When we finally get to the heroic moment of Burnham going through intense and mortal agony (and it is uncomfortable to watch and to see all the crew watching from their various positions - note Nilsson replacing Airiam at her station, so it's nice that they're not getting rid of the actress even though they chucked her earlier character), and the mysterious Red Angel is captured, yes, it is a good twist that it's her Mum, and a good cliffhanger making you wait to find out what's going on.
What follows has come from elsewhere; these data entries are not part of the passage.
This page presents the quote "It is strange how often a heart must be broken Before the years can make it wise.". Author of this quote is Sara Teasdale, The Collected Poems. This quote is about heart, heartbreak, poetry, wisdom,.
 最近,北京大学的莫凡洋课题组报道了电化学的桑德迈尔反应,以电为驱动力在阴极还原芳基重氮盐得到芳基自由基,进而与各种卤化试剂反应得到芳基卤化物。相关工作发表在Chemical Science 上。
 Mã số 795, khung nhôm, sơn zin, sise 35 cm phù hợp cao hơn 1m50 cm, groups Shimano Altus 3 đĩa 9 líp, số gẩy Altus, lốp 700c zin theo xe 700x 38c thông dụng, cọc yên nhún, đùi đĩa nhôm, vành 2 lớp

When I first saw her I thought maybe it was Owosekun, then I thought Georgiou, then maybe a relation of Georgiou and it wasn't until Burnham spoke that I realised it was her Mother (and credit for Spock for having faith to keep the others from stopping the experiment - they all knew the idea was to temporarily kill Burnham, so why get upset about it, especially Georgiou who has seen, and done, far worse things!). One thing I did not get at all was when Leland is stabbed in the eye by his own ship. Huh? Why would you even have a needle in an optical piece of equipment, that was weird, and then that it wasn't explained what he was doing was also weird. It's easy to assume that it was 'Control' and this altered AI has infiltrated the S31 ships so there's more danger there, but why, why and why?
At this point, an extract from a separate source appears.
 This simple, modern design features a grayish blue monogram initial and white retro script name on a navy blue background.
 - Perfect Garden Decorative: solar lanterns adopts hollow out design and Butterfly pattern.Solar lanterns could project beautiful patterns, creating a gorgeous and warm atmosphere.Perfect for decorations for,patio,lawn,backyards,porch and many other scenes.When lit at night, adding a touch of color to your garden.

Finally, one little nugget worth mentioning is the series' approach to time travel. So often nowadays we're supposed to accept that time travel supposedly would split you off into an alternate reality, and every journey in time would be to a subtly different alternate, thus dispensing with so many of Trek's great time travel stories, or classic films like 'Back To The Future' - the point has always been that we can restore the past or save the future if we change something or restore it to the 'correct' version. That our time stream matters, rather than just being a permutation of infinite versions, none of which have any claim to being the 'right one.' Again, there are moral implications here, that nothing really matters and every version of everything exists somewhere. All to say that I was glad when Spock mentions the Grandfather paradox of Burnham not existing if she doesn't come back to prevent her death, which sounds to me like they're going with the traditional Trek approach to time travel, that things can be altered and restored, and that our 'reality' is important, so well done there. Of course that's a lot to extrapolate from one comment, but coming from Spock, an authoritative scientific figure (if not yet), it means something (I just wish he'd thrown in a mention of his own people once denying time travel, as a reference to the Vulcans of 'Enterprise'!), even if it turned out the Angel wasn't Burnham after all, thus negating his theory. I do hope they stay with the traditional Trek view, after all it is all fiction and theory, not reality and fact, and it's better to stick to the proven rules of Trek, even though they mostly don't on this series, which is why it suffers.